Microscale structural metamaterials are synthetic structures that are aimed to yield specific desired mechanical advantages. These designs are often inspired by natural cellular materials such as plant and bone tissue which have superior mechanical efficiency due to their low weight to stiffness ratios.

==Synthesis==
===Projection microstereolithography===
This is a layer-by-layer additive printing technology which allows for the creation of arbitrary 3-D structures. Together with nanoscale coating techniques, microstereolithography can create ultralow density, complex microlattices.

The process usually involves a dynamically reconfigurable digital photomask. A 3-D model is decomposed into a series of 2-D planes, the pattern of which is transmitted to the photomask. When shined through by UV light, the mask will transmit the image of the planes onto a lens which subsequently project it onto a photosensitive polymer resin such as 1,6-hexanediol diacrylate (HDDA) causing the liquid to cure in the light exposed areas. These process is repeated for each layer and assembled together to form a 3-D system. Non-polymer lattices can also be created from this process by additional processing. For instance, metallic structures can be created by electroless plating onto the base structure followed by removal of the polymer through thermal heating. Similar deposition techniques can also be used to create ceramic structures.

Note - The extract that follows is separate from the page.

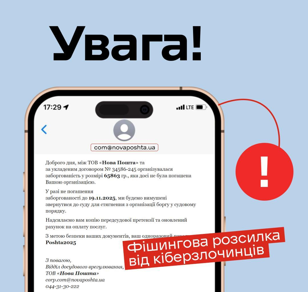 Кіберзлочинці почали розсилку фейкових електронних листів нібито про «заборгованість» перед «Новою поштою». Ці повідомлення не мають жодного відношення до компанії: шахраї копіюють логотип, підміняють адресу відправника та вигадують борги, щоб змусити вас відкрити вкладення або перейти за шкідливим посиланням. Про це повідомили в офіційному Telegram-каналі «Нової пошти»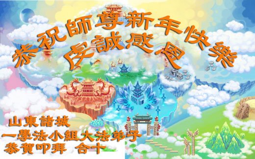 山东潍坊诸城市一学法小组大法弟子恭祝慈悲伟大师尊过年好!

===Continuous liquid interface printing (CLIP)===
This technique is an improvement of the layer-by-layer lithography. Additive manufacturing can be time-consuming and create flawed structures. In conventional 3-D printing, oxygen inhibition often causes incomplete curing and bulky surfaces during photosensitive polymerization. By introducing controlled levels of oxygen, efficient initiation and propagation of continuous polymer chains will result. CLIP proceeds via projecting a continuous sequence of UV images (generated by a digital light-processing imaging unit) through an oxygen-permeable, UV-transparent window below a liquid resin bath. Above a permeable window, there is an oxygen inhibition “dead-zone” maintained by a liquid interface. Above the dead zone, the curing part is continuously drawn out of the resin bath, thereby creating suction forces that constantly renew reactive liquid resin. Unlike convention stereolithography which uses step-by-step processing, CLIP employs a continuous flow.

==Type==
At low relative density limits, these structures display coupled density to stiffness and strength relationships: $E/E_s\propto(\rho/\rho_s)^n$ and $\sigma_y/\sigma_{ys}\propto(\rho/\rho_s)^n$ where E is the Young’s modulus, y is the yield stress, ρ is the density and subscript s denotes the bulk value of the specified property.

===Stretch-dominated===
Stretch dominated structures such as octet tress structure have reduced density to stiffness coupling with n around 1 over many magnitudes of density. This allows for the creation of structural metamaterials which are both ultralight, strong, and energy-absorbing, with elastic behavior up to and 50% compression strain. Often these structures are highly isotropic, with their behavior constant over different loading directions.

===Bend-dominated===
Bend dominated structures are usually such as tetrakaidecahedron structure have higher n values that result in non-linear density-to-stiffness ratio, since loading on these crystals are shear rather than tensile as in their stretch-dominated counterpart. However, these structures can also be highly compressive. For instance, 3-D simple cubic bulk graphene aerogels created using layer-by-layer lithography showed lightweight, highly conductive and supercompressible (up to 90% compressive strain) properties.